This is Levelheaded Talk, a discussion on radically upgrading personal and professional relationships with emotional sobriety. This is a podcast brought to you by expert and speaker, Dr. Andrea Vitz, and is not intended to replace the advice of your medical professional.

0:29 Jon
Welcome to Levelheaded Talk. We're closing up a week here where we've done some self-exploration, and with some very insightful tips on how to process things in the moment. Notice I'm not calling them hacks, because I don't like that. They're more thoughtful than that. They're more thoughtful, and they deserve repetition. They deserve training. And they're really good. So, yesterday we talked about projection. What, how do you follow that to close up a glorious week?

1:09 Andrea
I want to talk about something a little bit different, even though it's still in alignment with the human being. And it's a topic that's been coming up for several weeks. It's been this theme, being condescending in your relationships, there's such a misunderstanding. I hear a lot of couples. Obviously, I work with a lot of couples.

And one of the most common complaints I receive, and both people say it in the relationship, is they're just so condescending.
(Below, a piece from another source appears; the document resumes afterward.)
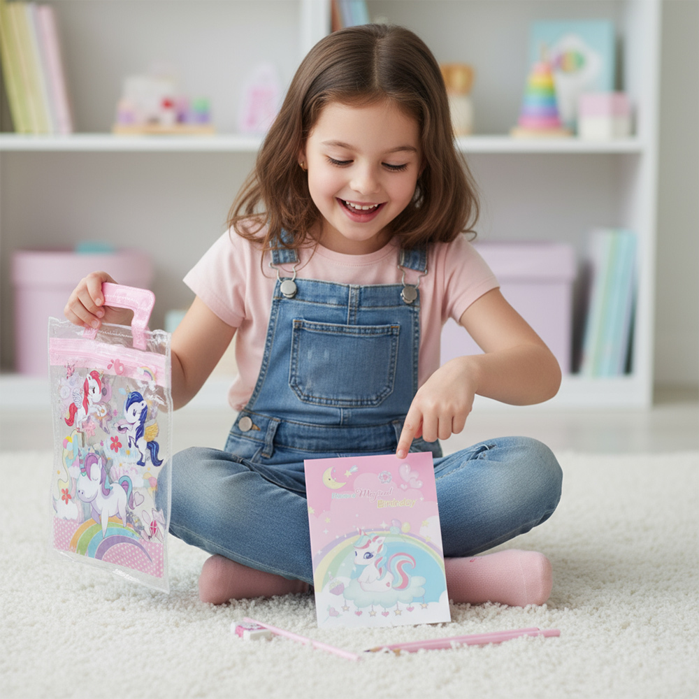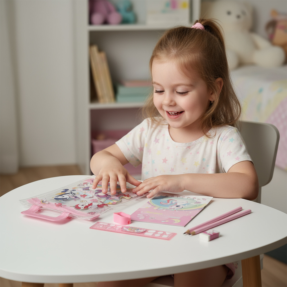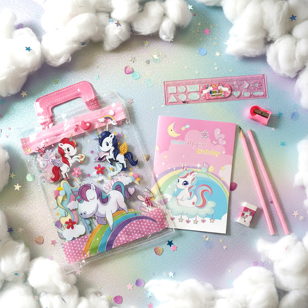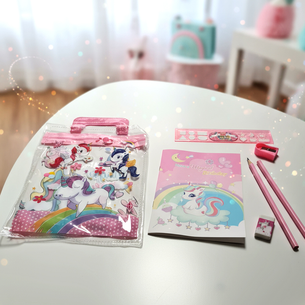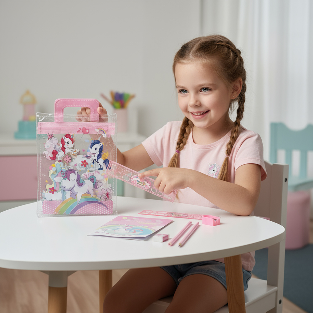 Tato pestrá sada školních pomůcek s motivem jednorožce promění každý den ve škole v malý zážitek! Najdete v ní vše potřebné – sešit, dvě tužky, gumu, ořezávátko, pravítko se vzory a praktickou taštičku, takže bude mít vaše školačka všechno po ruce. Barevný design s oblíbeným jednorožcem rozsvítí školní lavici a podpoří chuť do učení i kreativitu. Sada je skvělým dárkem pro první školní den, narozeniny nebo jen tak pro radost.
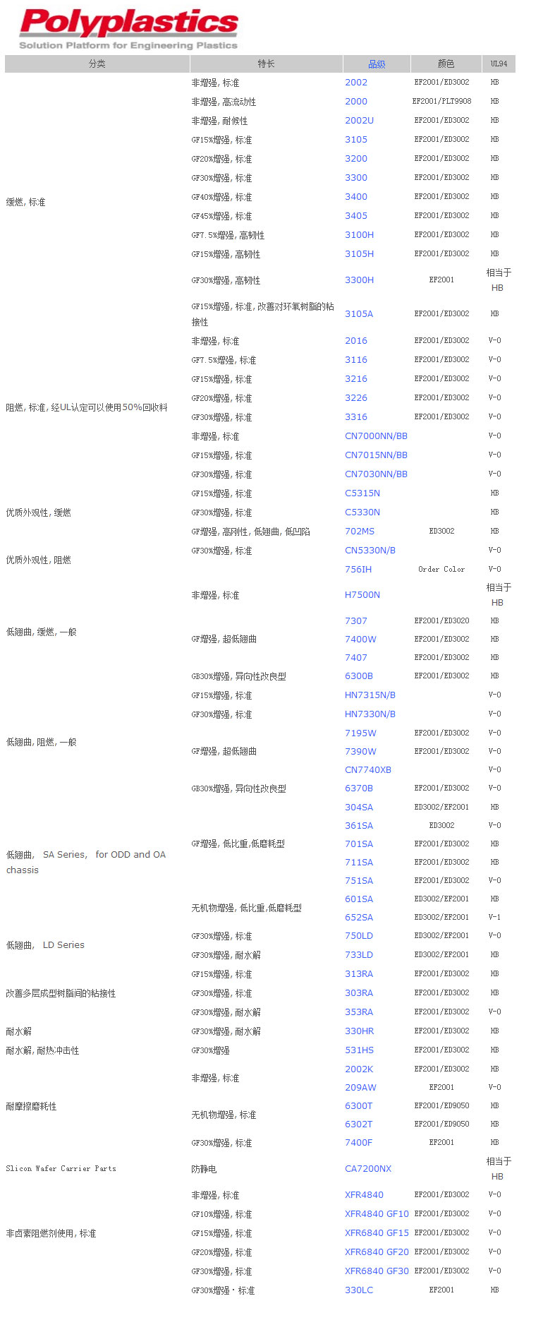 日本寶理DURANEX(PBT) 塑料產(chǎn)品分類與性能

They just have this condescending tone. And I've actually taught this to several of my CEOs as a really great tool in their tool belt to help them lead more effectively and not quote “get in trouble” with their employees. And one of the ways to do that is you really have to look at why you are being condescending or why you might be coming off as seeming that you're like you're condescending.

So think about that. When you're condescending, you're essentially descending down on someone else to gain superior superiority or power. You see that?

If I want to establish control, command, or power over someone in a conversation, if I'm condescending, I'm going to make you feel small, shameful, guilty, stupid. I need that so that I can have an upper hand. I say “I” but I don't do that now.

I used to. The upper hand.

It's the voice of experience and wisdom. And so when you have a condescending tone or a condescending intention, it's super obvious to everyone else except not always to you. And so I want to bring this to your attention.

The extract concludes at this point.